A warning to contractors involved in using the services of sub-contractors arises out of a recent decision by the Technology and Construction Court in the case of Leander v Mulalley. The decision in this case is useful in illustrating when a court will imply a term into a contract.

Leander is a sub-contractor who was engaged to carry out groundworks, including drainage and other works for Mulalley on a site in South London. Mulalley served two withholding notices in relation to Leander’s applications for payment for work carried out. It withheld payment on the basis that Leander was obliged, but failed, to carry out the sub-contract works in accordance with Mulalley’s programme dates and periods set out in its activity schedule.

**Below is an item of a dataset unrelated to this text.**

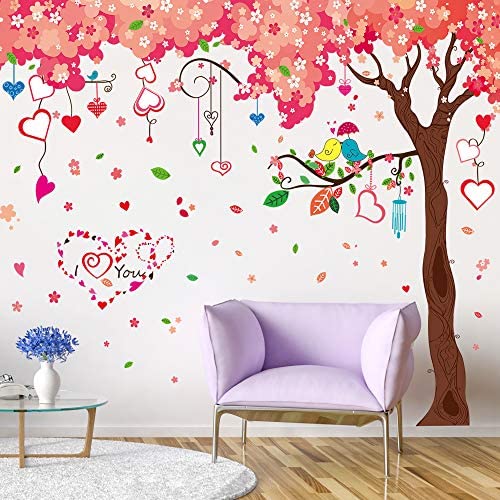 Amaonm Giant Huge Pink Cherry Tree Wall Decals Cute Cartoon Removable Large Tree Lovely Heart Shape Wall Sticker Peel Stick for Kids Girls Bedroom Livingroom TV Background

Mulalley claimed that Leander had an implied obligation to proceed regularly and diligently with the sub-contract works. It claimed that the activity schedule represented the best way of measuring whether or not Leander had complied with this term. In addition, the sub-contract allowed Mulalley to give 48 hours notice to Leander to rectify this breach before terminating for failure to proceed with the sub-contract works regularly and diligently. Mulalley argued that, as this was one of the grounds for termination under the contract, there must also be a corresponding implied term that Leander must proceed regularly and diligently with the sub-contract works.

Implied terms
The Court will only imply a term in the contract if it is necessary to make the contract work. The following five conditions must be satisfied:

1. It must be reasonable and equitable;
2. It must be necessary to give business efficacy to the contract so that no term will be implied if the contract is effective without it;
3. It must be so obvious that “it goes without saying”;
4. It must be capable of clear expression; and
5. It must not contradict any express term of the contract.

The Court found that there was no implied term in Leander’s contract to proceed regularly and diligently. Indeed, although failing to proceed regularly and diligently with the works enabled the contractor to serve notice under the termination provisions, there were other similar provisions allowing the contractor to terminate, for example, if the sub-contractor became insolvent, and insolvency, in and of itself, is not a breach of contract. Furthermore, in the absence of any indication to the contrary, a contractor is entitled to plan and perform its works as it pleases provided that it finishes by the date fixed in the contract.

The court also contemplated what “regularly and diligently” meant. Logically, the court said that what it means is dependent on the time period within which the obligation needs to be carried out. In other words, if the contractor is obliged to achieve a certain outcome within 12 weeks, it may be necessary for the contractor to exercise more haste than if the obligation is to complete it within 24 weeks.

The judgment in this case is a useful reminder for parties to consider to what extent they want to control the process of works that their contractor or sub contractor should carry out. For example, the standard JCT contracts provide for the contractor to “begin the construction of the Works or Section and regularly and diligently proceed with and complete the same on or before the relevant Completion Date.” However, this provision does not exist within the JCT sub-contract form. In a contractor/sub-contractor relationship it will be a matter for the sub-contractor to plan and perform its works in any way it sees fit in order to reach the stated completion date in the contract.

If you’re a contractor and you want to make sure that a sub-contractor meets certain key dates within your programme, you must make provision for this in your sub-contract together with an associated workable extension of time mechanism relating to the key dates.